Dynamics of the Free Market
MARCH 01, 1969 by ROBERT H. EAGLE
Dr. Eagle is a free-lance writer and management scientist in Chapel Hill, North Carolina.
Social and economic changes, changes in tastes and technology, appear inevitable. Many of yesterday’s products and processes have passed from the scene, replaced today by countless goods and services unheard of a few years ago.
Recognizing this fact, entrepreneurs attempt to anticipate or initiate change in order to secure a profit. In an active, relatively free market, they are constantly searching for new products and services which they hope will have widespread appeal and consequently produce the profit which successful innovations bring. Some of these attempts succeed; others fail. But the public as a whole is satisfied with the result of the free market mechanism, powered by the profit motive.
The conditions of supply and demand which pace economic changes are simply the expressed desires of willing buyers and sellers. The resources for production thus are attracted into business ventures that are potentially profitable.
However, when the source of investment is heavy taxation, the criterion of profit potentiality is lacking; and the size and impact of projects, thus financed, must inevitably bring about undesired changes. Had the general public’s desire for such undertakings been at all discernible, entrepreneurs would have banded together to take advantage of the obvious profit potential.
Many economists have long recognized the role of profit (positive and negative) in directing economic activity out of certain lines and into others, but the fact that the profit motive paces change, bringing it about but at the same time keeping it within manageable and tolerable limits, has seldom, if ever, been recognized.
Yet the second role of profit—causing tolerable, relatively gradual change, in contrast to the social and economic upheavals which are apparently becoming more drastic and frequent—may be as important as the role of directing economic activity.
The movement into or out of certain economic activities is directed by the consuming public which by its voluntary purchases or nonpurchases bestows positive or negative profits on the entrepreneurs involved. Similarly, the public, in a free market society in which government plays only a minor economic role, would control the pace of change.
A Sense of Stability Midst the Winds of Change
Both a desire for change and a resistance to change are built into human nature, in different proportions among different human beings. Very few people enjoy living in a society of constant and drastic changes. Human nature demands some sense of stability, some assurance that life is not going to be drastically different every day. It is widely believed that the pace of modern industrial society is having deleterious effects on the population, socially and psychologically. On the other hand, not many people wish to live out their lives without any prospect for change. The great mass of Americans fall into the middle ground, desiring change leavened with a certain amount of stability. And this is the kind and pace of change generally afforded as entrepreneurs cater to the general public in open competition.
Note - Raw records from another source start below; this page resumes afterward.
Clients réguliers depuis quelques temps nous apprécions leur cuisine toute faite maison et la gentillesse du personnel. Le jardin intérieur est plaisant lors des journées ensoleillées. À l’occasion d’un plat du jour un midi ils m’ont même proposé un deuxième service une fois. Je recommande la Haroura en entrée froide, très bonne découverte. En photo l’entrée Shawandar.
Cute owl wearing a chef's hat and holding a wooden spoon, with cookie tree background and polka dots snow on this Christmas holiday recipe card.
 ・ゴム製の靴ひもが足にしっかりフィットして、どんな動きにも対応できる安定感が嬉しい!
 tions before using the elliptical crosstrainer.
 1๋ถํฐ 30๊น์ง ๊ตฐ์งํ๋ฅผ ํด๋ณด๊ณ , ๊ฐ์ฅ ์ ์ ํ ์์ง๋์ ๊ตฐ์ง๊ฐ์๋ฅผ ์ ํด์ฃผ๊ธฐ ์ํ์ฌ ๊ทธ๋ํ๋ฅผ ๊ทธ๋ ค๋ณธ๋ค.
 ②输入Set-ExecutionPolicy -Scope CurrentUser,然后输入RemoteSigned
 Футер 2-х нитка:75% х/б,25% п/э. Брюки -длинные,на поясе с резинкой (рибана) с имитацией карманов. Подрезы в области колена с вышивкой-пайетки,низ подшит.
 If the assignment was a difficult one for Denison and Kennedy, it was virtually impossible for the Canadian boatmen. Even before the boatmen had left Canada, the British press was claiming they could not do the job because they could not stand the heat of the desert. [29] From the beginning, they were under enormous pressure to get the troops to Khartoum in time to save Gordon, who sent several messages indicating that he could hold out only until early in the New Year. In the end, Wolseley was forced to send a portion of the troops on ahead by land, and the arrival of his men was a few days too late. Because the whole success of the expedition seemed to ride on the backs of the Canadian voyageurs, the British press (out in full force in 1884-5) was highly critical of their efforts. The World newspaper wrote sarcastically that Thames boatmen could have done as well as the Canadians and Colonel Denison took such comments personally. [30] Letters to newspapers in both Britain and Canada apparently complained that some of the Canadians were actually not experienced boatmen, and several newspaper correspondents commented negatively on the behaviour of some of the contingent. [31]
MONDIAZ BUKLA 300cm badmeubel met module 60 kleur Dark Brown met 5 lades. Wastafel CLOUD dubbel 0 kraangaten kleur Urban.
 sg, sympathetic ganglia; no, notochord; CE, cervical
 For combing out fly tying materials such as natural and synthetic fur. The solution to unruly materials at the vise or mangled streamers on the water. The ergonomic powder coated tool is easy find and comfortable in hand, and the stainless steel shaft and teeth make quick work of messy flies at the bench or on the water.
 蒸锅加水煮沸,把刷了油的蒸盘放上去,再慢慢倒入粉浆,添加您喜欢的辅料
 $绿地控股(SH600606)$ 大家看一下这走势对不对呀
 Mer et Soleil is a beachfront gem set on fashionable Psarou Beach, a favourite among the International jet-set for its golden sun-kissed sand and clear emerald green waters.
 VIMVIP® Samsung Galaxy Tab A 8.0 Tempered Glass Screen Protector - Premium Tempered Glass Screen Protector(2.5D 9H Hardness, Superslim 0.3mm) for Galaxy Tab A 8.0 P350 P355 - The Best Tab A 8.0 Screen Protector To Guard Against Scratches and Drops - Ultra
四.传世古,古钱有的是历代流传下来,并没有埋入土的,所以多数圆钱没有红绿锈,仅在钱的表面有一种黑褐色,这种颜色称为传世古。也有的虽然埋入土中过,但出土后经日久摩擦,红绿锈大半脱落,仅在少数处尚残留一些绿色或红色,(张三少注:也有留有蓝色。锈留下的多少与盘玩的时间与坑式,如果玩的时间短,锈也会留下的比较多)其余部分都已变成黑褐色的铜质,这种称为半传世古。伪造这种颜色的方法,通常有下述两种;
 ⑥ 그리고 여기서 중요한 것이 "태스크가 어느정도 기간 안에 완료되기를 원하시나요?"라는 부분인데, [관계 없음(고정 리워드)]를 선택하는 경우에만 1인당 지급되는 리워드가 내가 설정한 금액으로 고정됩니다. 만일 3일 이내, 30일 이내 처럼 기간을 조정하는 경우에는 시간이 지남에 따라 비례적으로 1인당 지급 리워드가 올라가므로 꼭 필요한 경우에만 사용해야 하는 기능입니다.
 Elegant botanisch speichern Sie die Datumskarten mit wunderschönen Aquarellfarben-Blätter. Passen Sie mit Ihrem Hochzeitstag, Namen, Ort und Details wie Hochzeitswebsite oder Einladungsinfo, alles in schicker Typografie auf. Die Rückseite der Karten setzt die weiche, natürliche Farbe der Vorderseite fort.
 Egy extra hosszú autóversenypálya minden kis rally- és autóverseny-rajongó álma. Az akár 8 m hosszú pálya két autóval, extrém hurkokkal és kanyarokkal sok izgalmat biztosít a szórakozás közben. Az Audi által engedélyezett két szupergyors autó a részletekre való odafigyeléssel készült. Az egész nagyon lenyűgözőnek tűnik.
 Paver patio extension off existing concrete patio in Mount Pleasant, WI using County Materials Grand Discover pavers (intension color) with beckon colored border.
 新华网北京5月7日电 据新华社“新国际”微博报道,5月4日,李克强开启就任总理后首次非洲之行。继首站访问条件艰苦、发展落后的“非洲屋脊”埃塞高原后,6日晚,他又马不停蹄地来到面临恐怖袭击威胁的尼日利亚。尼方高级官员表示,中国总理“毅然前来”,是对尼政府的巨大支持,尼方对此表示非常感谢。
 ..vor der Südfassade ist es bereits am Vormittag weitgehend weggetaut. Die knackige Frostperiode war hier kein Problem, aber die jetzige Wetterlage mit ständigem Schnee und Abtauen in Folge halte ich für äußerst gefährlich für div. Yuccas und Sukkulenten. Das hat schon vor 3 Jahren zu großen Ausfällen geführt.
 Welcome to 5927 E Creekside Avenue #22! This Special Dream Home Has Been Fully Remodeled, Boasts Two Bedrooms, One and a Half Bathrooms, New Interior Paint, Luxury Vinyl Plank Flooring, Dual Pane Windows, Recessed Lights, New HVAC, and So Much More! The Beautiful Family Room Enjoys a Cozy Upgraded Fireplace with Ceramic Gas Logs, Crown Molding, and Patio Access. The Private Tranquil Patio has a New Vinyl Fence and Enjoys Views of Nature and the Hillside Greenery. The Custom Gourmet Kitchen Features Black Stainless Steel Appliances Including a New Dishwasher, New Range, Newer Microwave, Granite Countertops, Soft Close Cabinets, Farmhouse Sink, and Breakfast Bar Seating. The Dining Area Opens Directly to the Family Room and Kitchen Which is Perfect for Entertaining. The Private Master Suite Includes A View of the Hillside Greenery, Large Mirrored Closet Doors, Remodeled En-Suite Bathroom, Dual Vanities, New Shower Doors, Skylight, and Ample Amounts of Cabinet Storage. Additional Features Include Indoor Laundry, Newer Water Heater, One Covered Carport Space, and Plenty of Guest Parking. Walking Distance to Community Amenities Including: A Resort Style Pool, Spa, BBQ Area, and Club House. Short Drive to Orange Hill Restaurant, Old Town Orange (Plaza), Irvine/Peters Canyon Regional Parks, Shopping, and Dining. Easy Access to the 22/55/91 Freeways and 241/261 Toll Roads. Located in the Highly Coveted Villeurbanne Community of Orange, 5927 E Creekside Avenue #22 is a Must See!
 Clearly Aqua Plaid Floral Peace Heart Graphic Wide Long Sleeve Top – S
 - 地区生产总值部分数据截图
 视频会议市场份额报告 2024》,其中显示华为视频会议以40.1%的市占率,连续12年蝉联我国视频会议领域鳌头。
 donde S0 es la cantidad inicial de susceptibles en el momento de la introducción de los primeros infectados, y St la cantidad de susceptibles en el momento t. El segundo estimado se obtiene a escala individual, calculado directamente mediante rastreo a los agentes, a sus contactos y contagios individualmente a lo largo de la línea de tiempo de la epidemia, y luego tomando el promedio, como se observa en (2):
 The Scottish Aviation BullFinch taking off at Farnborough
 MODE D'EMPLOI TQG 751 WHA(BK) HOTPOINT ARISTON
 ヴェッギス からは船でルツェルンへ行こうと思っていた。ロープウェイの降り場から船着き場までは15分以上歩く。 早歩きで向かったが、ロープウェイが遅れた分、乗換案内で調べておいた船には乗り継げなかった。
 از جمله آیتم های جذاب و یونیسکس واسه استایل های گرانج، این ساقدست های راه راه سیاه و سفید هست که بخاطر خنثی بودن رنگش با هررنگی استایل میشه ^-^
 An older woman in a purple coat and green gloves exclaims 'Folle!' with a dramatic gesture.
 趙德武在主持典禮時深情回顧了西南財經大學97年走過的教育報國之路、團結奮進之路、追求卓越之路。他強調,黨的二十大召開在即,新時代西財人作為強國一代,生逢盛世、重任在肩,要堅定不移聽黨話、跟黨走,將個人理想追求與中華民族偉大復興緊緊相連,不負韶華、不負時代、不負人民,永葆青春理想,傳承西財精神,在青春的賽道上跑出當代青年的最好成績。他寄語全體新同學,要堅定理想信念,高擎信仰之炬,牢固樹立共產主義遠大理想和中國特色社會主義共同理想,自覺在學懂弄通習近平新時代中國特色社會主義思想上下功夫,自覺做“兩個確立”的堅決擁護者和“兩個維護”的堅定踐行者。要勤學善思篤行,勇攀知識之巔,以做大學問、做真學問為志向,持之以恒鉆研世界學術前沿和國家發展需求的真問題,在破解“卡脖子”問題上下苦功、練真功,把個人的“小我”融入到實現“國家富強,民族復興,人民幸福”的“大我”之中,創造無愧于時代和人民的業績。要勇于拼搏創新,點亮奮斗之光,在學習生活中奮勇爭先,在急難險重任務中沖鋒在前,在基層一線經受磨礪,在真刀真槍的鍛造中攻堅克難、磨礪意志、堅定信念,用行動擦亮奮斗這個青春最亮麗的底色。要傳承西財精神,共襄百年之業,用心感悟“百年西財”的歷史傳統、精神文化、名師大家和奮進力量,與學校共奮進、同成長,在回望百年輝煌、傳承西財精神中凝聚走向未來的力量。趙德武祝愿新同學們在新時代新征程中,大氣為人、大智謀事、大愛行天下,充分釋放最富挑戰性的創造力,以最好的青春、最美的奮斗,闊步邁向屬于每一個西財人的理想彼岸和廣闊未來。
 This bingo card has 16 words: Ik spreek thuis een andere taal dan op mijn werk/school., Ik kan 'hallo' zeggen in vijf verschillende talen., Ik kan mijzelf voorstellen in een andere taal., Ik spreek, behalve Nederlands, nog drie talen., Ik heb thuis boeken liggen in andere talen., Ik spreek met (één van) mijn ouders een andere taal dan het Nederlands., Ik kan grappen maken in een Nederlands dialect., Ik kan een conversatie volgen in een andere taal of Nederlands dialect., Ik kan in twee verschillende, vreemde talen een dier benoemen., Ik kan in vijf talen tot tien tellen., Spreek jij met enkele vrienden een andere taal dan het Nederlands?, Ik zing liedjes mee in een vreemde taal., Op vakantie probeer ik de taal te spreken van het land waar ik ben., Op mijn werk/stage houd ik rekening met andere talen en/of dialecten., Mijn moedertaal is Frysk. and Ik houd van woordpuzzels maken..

However, when the government becomes the single largest customer in the economy, dwarfing the world’ s largest corporation, matters are far from the ideal described above. With its virtually unlimited access to resources (gained with the use of compulsion via its taxing powers), catering to powerful special interests (all of whom want the public treasure spent on their own behalf), the government is in a position to bring about vast and widespread changes that are undesirable so far as the general public is concerned.
An example of the disruptions brought about by coercive government intervention is the "diverted-acres program." Under this program, the Federal government pays large landowners handsomely to retire land from production.
Senator Abraham Ribicoff reports in the September, 1968, Reader’s Digest that the average corn acreage has been cut by 15 per cent since 1961, but the corn harvest went up by 376 million bushels. The large operators retired their poorest land and "spent their government checks on more fertilizer and high-yield technology for their remaining acres." Such a program adversely affected "the small farmer who did not have enough land to participate in the diverted acres program." The report continues, "to collect Washington’s cash for diverting acres into growing pulpwood, for example, many landowners have dispossessed tenants and laborers by the thousands…. The net effect… has been to eject 100,000 more farm people per year."
The population movement from farms to industrialized centers goes on in any economy as it changes from predominantly agricultural to predominantly industrial. In the absence of government intervention, this movement tends to be spread out over time rather than to occur in sudden spurts. When farm workers, unprepared by skill or background for city life, move gradually into urban centers, they can be more readily absorbed into the new environment than when they abruptly arrive in large numbers.
The farm program, as Senator Ribicoff explains, is one of "the forces moving poor farm people into urban ghettos." Such environmental wrenchings add to the overall problem of crime and delinquency.
The letting of large government contracts, giant public works, space and national defense programs (as when military bases are located, opened, and shut down for political considerations) such actions, based on compulsion, have a monumental impact on the economy and the disposition of men, money, and materials. In addition, fiscal and monetary policies, usually involving the expansion of money and credit, overstimulate the economy and bring about drastic coerced changes that no combination of entrepreneurs, big and small, could ever accomplish.
If these intolerable dislocations of people and resources are to be avoided, the responsibility must be withdrawn from government and re-assumed by the private sector of the economy.